[Provided material Boundary: Start]
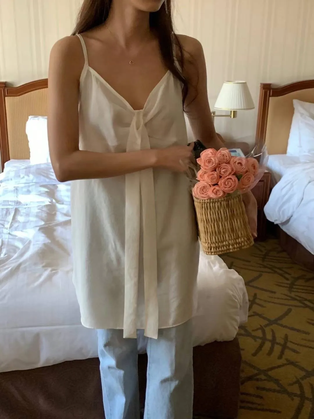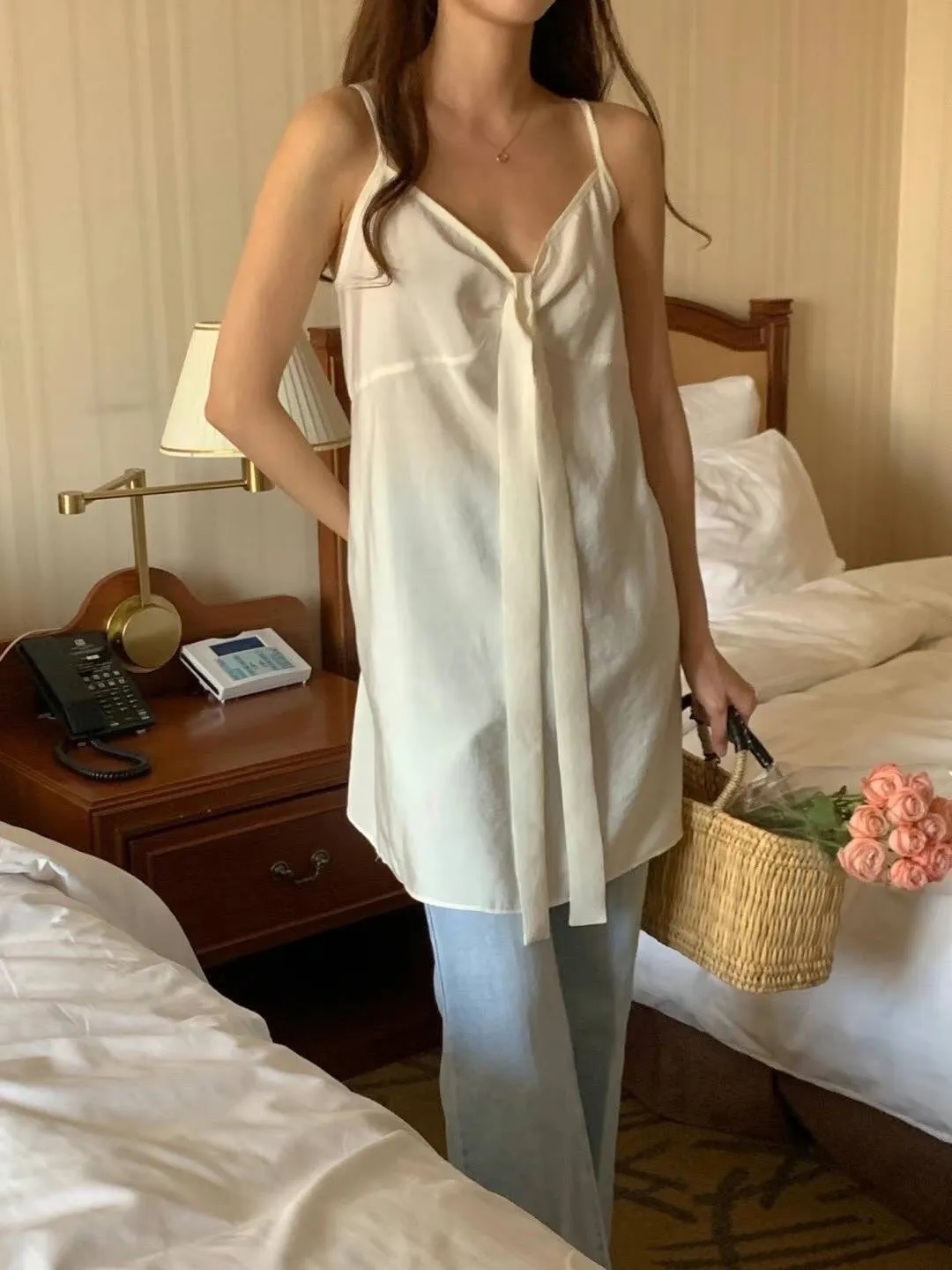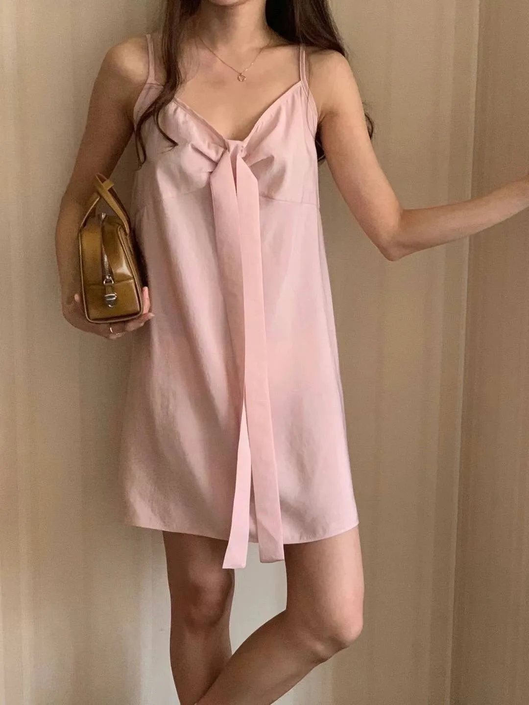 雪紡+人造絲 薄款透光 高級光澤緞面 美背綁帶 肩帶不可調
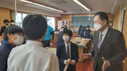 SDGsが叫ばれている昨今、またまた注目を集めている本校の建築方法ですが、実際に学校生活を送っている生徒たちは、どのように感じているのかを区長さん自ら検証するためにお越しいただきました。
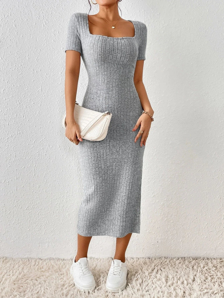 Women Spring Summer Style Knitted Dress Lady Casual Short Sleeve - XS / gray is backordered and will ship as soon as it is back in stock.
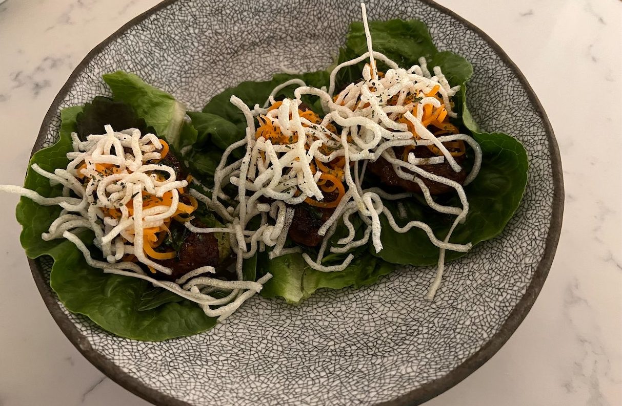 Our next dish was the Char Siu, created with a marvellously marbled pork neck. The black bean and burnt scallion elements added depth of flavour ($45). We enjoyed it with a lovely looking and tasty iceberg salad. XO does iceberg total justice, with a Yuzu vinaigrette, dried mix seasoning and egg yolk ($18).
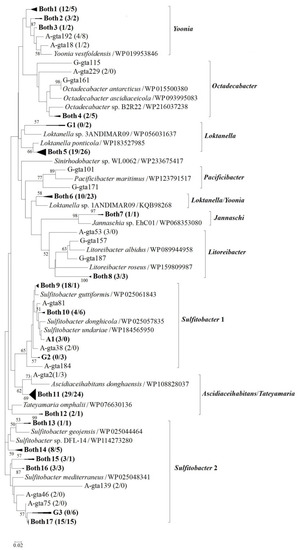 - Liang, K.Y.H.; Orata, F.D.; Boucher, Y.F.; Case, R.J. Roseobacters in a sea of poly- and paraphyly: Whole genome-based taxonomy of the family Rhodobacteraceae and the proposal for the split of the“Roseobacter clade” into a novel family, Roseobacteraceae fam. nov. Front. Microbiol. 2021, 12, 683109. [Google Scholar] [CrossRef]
[Provided material Boundary: End]
### [What to do]
Your copy of the entries must be exact and must not include any of their pictures.

### [Written answer]
 雪紡+人造絲 薄款透光 高級光澤緞面 美背綁帶 肩帶不可調
 SDGsが叫ばれている昨今、またまた注目を集めている本校の建築方法ですが、実際に学校生活を送っている生徒たちは、どのように感じているのかを区長さん自ら検証するためにお越しいただきました。
 Women Spring Summer Style Knitted Dress Lady Casual Short Sleeve - XS / gray is backordered and will ship as soon as it is back in stock.
 Our next dish was the Char Siu, created with a marvellously marbled pork neck. The black bean and burnt scallion elements added depth of flavour ($45). We enjoyed it with a lovely looking and tasty iceberg salad. XO does iceberg total justice, with a Yuzu vinaigrette, dried mix seasoning and egg yolk ($18).
 - Liang, K.Y.H.; Orata, F.D.; Boucher, Y.F.; Case, R.J. Roseobacters in a sea of poly- and paraphyly: Whole genome-based taxonomy of the family Rhodobacteraceae and the proposal for the split of the“Roseobacter clade” into a novel family, Roseobacteraceae fam. nov. Front. Microbiol. 2021, 12, 683109. [Google Scholar] [CrossRef]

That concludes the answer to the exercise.